Supplied entries:
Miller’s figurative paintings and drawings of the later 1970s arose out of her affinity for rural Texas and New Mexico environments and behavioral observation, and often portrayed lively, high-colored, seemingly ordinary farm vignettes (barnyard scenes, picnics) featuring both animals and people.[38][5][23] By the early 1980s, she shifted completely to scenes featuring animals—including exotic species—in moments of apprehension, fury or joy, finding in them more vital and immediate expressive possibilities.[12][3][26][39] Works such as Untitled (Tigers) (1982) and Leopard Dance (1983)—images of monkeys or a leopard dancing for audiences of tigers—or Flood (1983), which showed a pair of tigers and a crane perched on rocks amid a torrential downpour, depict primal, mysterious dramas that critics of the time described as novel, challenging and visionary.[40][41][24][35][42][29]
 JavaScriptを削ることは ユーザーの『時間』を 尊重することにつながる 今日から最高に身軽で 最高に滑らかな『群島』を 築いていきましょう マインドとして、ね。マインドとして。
...
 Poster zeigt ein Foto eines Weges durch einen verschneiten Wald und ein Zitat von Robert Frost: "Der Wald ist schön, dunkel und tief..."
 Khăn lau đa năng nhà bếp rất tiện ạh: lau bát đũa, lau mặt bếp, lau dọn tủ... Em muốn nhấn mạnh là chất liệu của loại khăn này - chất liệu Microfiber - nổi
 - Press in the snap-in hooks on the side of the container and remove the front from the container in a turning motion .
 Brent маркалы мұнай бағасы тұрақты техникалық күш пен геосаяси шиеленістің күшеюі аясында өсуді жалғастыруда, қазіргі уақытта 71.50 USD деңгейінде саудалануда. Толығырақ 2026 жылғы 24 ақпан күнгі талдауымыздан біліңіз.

Task brief:
Copy out the range of lines above starting at the line with "Poster zeigt ein" and ending at the line with "Brent маркалы мұнай", exactly and including both.

Output of the task:
 Poster zeigt ein Foto eines Weges durch einen verschneiten Wald und ein Zitat von Robert Frost: "Der Wald ist schön, dunkel und tief..."
 Khăn lau đa năng nhà bếp rất tiện ạh: lau bát đũa, lau mặt bếp, lau dọn tủ... Em muốn nhấn mạnh là chất liệu của loại khăn này - chất liệu Microfiber - nổi
 - Press in the snap-in hooks on the side of the container and remove the front from the container in a turning motion .
 Brent маркалы мұнай бағасы тұрақты техникалық күш пен геосаяси шиеленістің күшеюі аясында өсуді жалғастыруда, қазіргі уақытта 71.50 USD деңгейінде саудалануда. Толығырақ 2026 жылғы 24 ақпан күнгі талдауымыздан біліңіз.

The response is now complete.